Monday, January 24, 2011

Week 2 SLA


            As a child after I learned how to read I started noticing that on some products there was writing I didn’t understand. My mom had a daycare, and on one of the kid’s car seats, there was a part written in Spanish. I inquired what it was, and my mom told me it was Spanish. After that, I spent time trying to “learn” Spanish by simply matching up each word to what I thought was its English equivalent right above it. It did not take me long though to realize that the number of words didn’t match up in most sentences, the English in comparison to the Spanish. After that, I realized there were words that looked the same (cognates, but at the time I did not know what they were). It was confusing to me though; because I figured that the words that looked similar would be at the same position in the Spanish sentence as it was in the English. At that age I was confused by it all, and it wasn’t until I started taking Spanish in school that I realized why they didn’t match up and that languages cannot be learned simply by translation.
            In this chapter I enjoyed looking at the different examples of how L2 learners of English start producing the language. I saw many similarities in the example of the author’s Korean friend. I had a Korean conversation partner last semester and when she had papers to write, I would look over them for her. The grammatical mistakes she made were not often detrimental to the semantics of the sentence, but it made me realize that I sound that way when I speak or write in Spanish. There are so many things that go into SLA, and these factors affect the success of the L2 learner.

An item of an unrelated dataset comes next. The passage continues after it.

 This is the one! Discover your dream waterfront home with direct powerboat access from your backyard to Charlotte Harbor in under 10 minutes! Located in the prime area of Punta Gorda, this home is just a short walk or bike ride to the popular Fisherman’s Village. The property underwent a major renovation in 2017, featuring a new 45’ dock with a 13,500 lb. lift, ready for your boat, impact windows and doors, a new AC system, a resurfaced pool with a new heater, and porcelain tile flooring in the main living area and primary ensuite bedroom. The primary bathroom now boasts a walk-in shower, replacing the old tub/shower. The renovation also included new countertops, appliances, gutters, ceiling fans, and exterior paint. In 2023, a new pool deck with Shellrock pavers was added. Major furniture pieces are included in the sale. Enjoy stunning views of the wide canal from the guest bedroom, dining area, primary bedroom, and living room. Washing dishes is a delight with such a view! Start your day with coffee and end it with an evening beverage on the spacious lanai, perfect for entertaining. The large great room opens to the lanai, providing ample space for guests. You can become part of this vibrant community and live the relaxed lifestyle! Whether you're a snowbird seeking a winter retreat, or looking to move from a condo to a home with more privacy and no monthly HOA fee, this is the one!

What I connected from the reading and from the example above of my own earlier attempts at learning Spanish, is that there can be a lot of negative transfer if the appropriate instruction is not provided. We all have the innate ability to learn language, but after we learn our first, we have a set grammar and way that we believe a language system works. Depending on the L2, these transfers and knowledge from the L1 will successfully or unsuccessfully transfer into the L2.

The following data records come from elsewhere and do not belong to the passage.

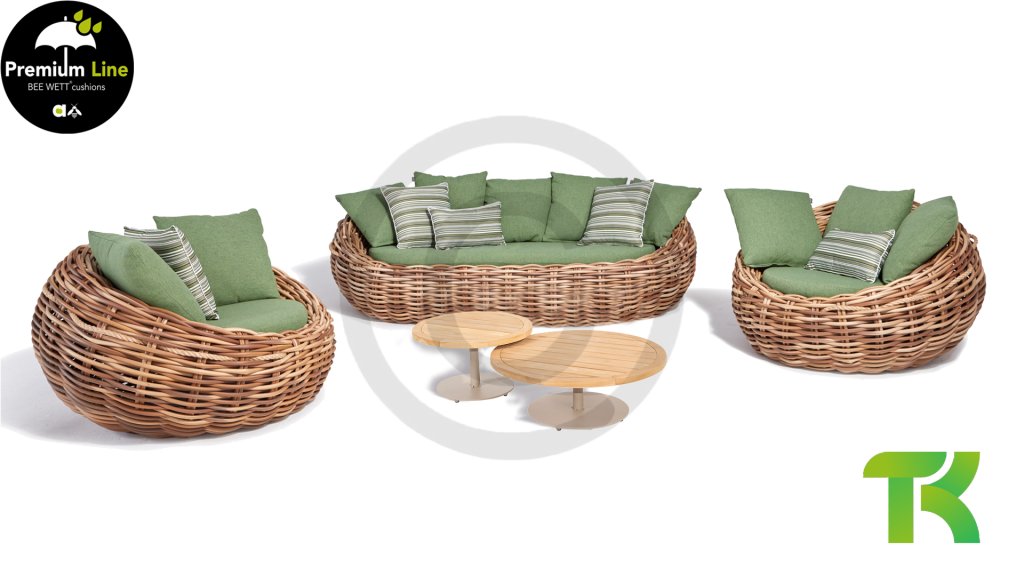 Applebee Cocoon ist inspiriert durch den sicheren Kokon, in dem sich eine Raupe geborgen fühlt und sich in einen wunderschönen Schmetterling verwandelt. Wunderschöne grüne Loungekissen – optional mit Bee-Wett®-Technologie – in Kombination mit dem außergewöhnlich dicken geflochtenen Biculair®-Flechtfaden in 20mm Stärke.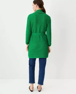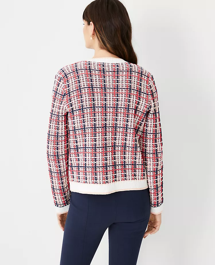 Texturally refined, this tweedy sweater jacket is polished with shiny button detail. Crew neck. Long sleeves. Button front. Flap button pockets.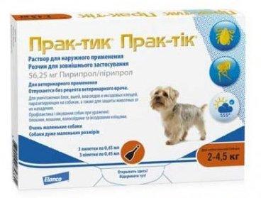 Прак-тік® для собак дуже маленьких розмірів по 0,45 мл (56,25 мг пірипролу);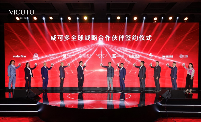 随着VICUTU、RED VICUTU及GORNIA全新品牌LOGO的揭晓,VICUTU品牌30周年盛典正式迈入第三篇章“未来畅想”。蔡昌贤代表格雷时尚集团,与大兴经开区、北京服装学院以及国内外顶级面料商VBC、PIACENZA、南山智尚科技股份有限公司精纺公司,零售商业地产巨头首都机场商贸、北京王府井集团,国际知名传播集团阳狮集团、罗德传播集团、时趣互动等分别来自产业上下游四大领域的战略合作伙伴举行签约仪式,呼应在全新“正装全场景”战略指引下,VICUTU未来五年在研发设计、生产供应链、渠道建设及品牌推广四大维度的一系列积极行动。

            There are a lot of theories that we are learning about, and each one has different aspects that make sense, and some that don’t as much, but one that I find interesting is the ZPD. Interaction is the way in which one learns language. Without interaction, for example in the case of Genie, no language is acquired. It depends on the environment a person is in, how they develop language. This makes so much sense. I am still blown away by what we talked about last week, how each person is born with the ability to produce all sounds that exist in any human language, but we only develop those that are a part of our environment. The capacity of our brain is unfathomable. In response to Elise’s post, I am also looking forward to learning and clarifying more of the theories. There are so many which seem similar, and tie into each other. What is exciting is the fact that we don’t know everything yet, and there are still things to be learned and theories to be made.